Bladt Technologies, who will provide the foundations for the Westermost Rough project, was announced as the leading supplier of offshore substructures in EWEA’s annual report on key offshore trends and statistics for 2012. Last year the company successfully completed some of the world’s largest offshore wind foundation projects with the London Array and Anholt wind farm projects. For the West of Dudden Sands project Bladt manufactured the 108 monopiles and 108 transition pieces, which were ready this July.
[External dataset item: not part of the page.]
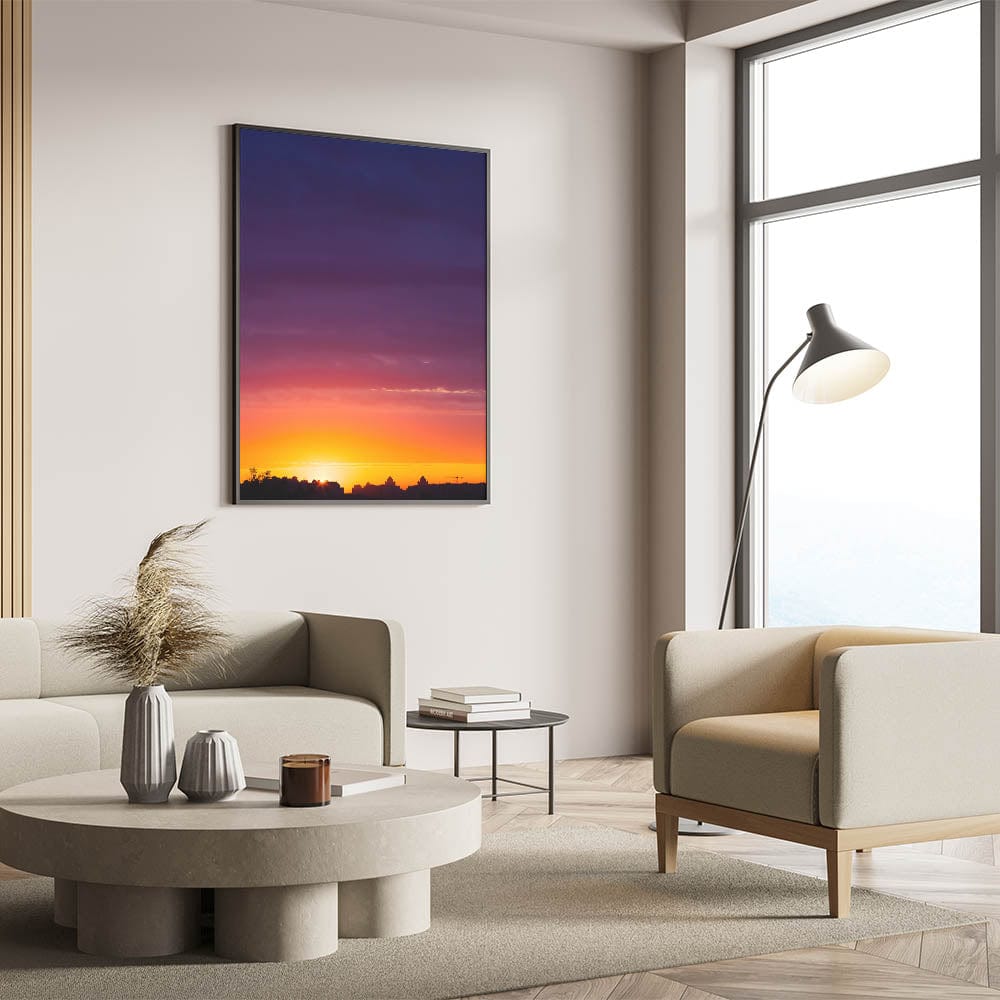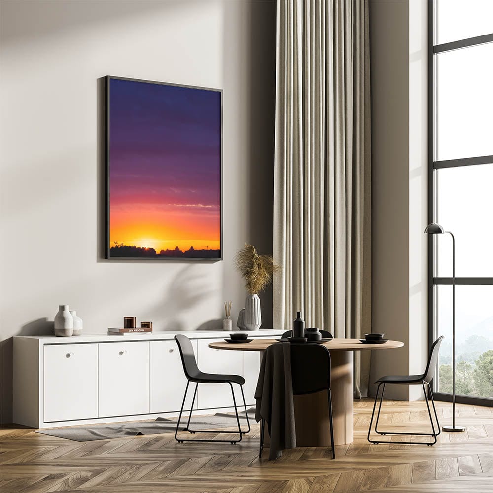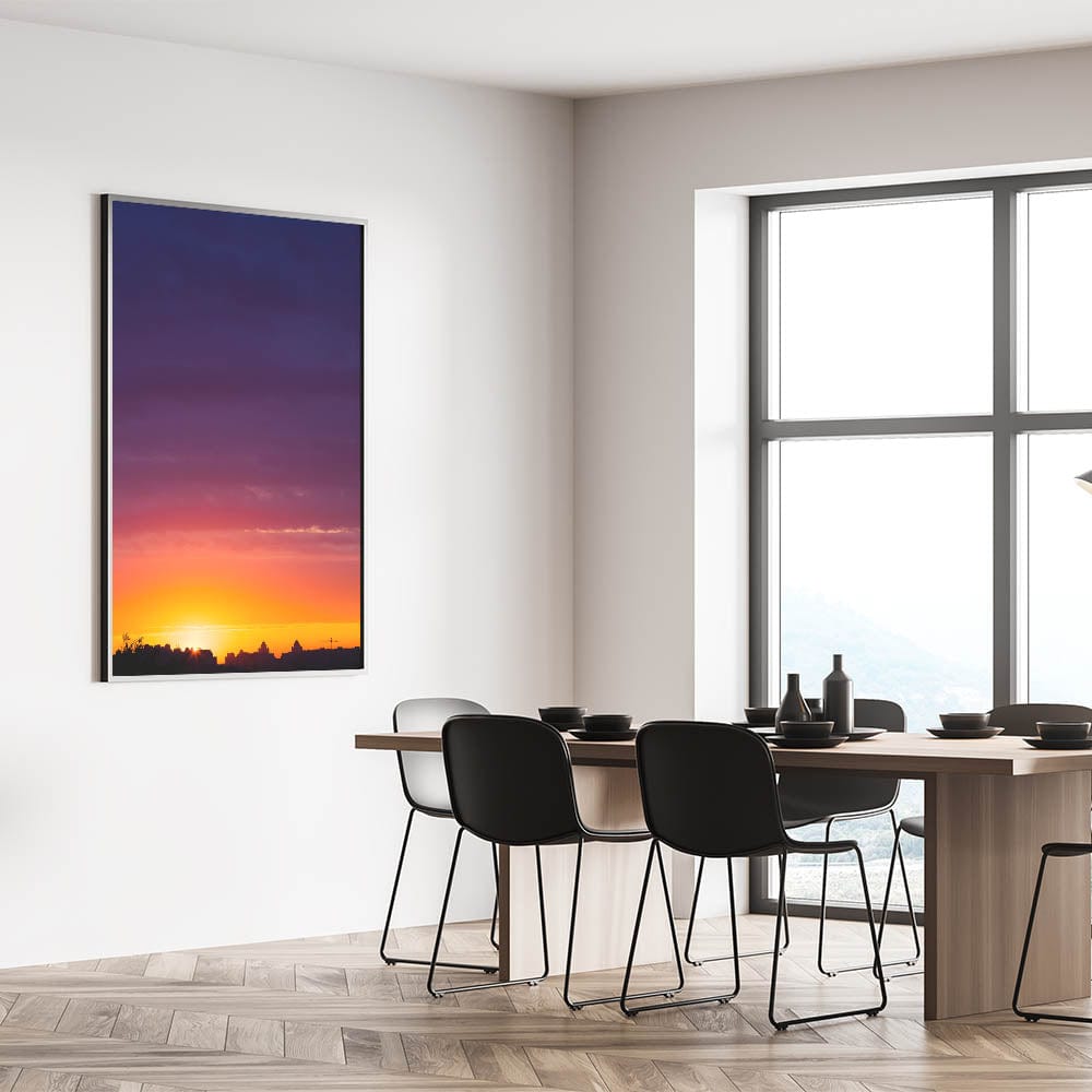 Transform your space with this breathtaking cityscape photography print, featuring a stunning skyline silhouetted against a radiant sunset. The deep purple, fiery orange, and golden hues blend seamlessly, creating a mesmerizing contrast between the city’s silhouette and the dramatic sky. This artwork is a perfect choice for those who appreciate the beauty of urban scenery wall art.

The recent closure of the Dudden Sands-project marks the beginning of the Westermost Rough project for Bladt Industries, for which the company will be manufacturing 35 new foundations at its facilities in Aalborg.

Hitting the target

Clark remarked that Dong Energy has set a target of reaching installed capacity of 6.5GW by 2020, and Westermost Rough is a key part of hitting that target. “We have a really strong pipeline of wind projects, not just in the UK, but in Denmark and Germany and, that will help us maintain our leading position,” said Clark. He added that Dong Energy is committed to offshore wind, and sees this as a key part of its growth strategy over the coming years. With specific reference to Westermost Rough, he made the point that this is also the first project where Dong Energy will be using the next generation turbine, installing the Siemens 6MW turbine on a commercial scale. “This project site is acting as a testing ground for the new turbines,” he said. “As a Round 2 project, it’s slightly smaller in scale than the larger Round 3 projects that are currently in the development phase, and as such it’s the ideal stepping stone for us to use the 6MW machine as part of our work to reduce the cost of offshore wind.”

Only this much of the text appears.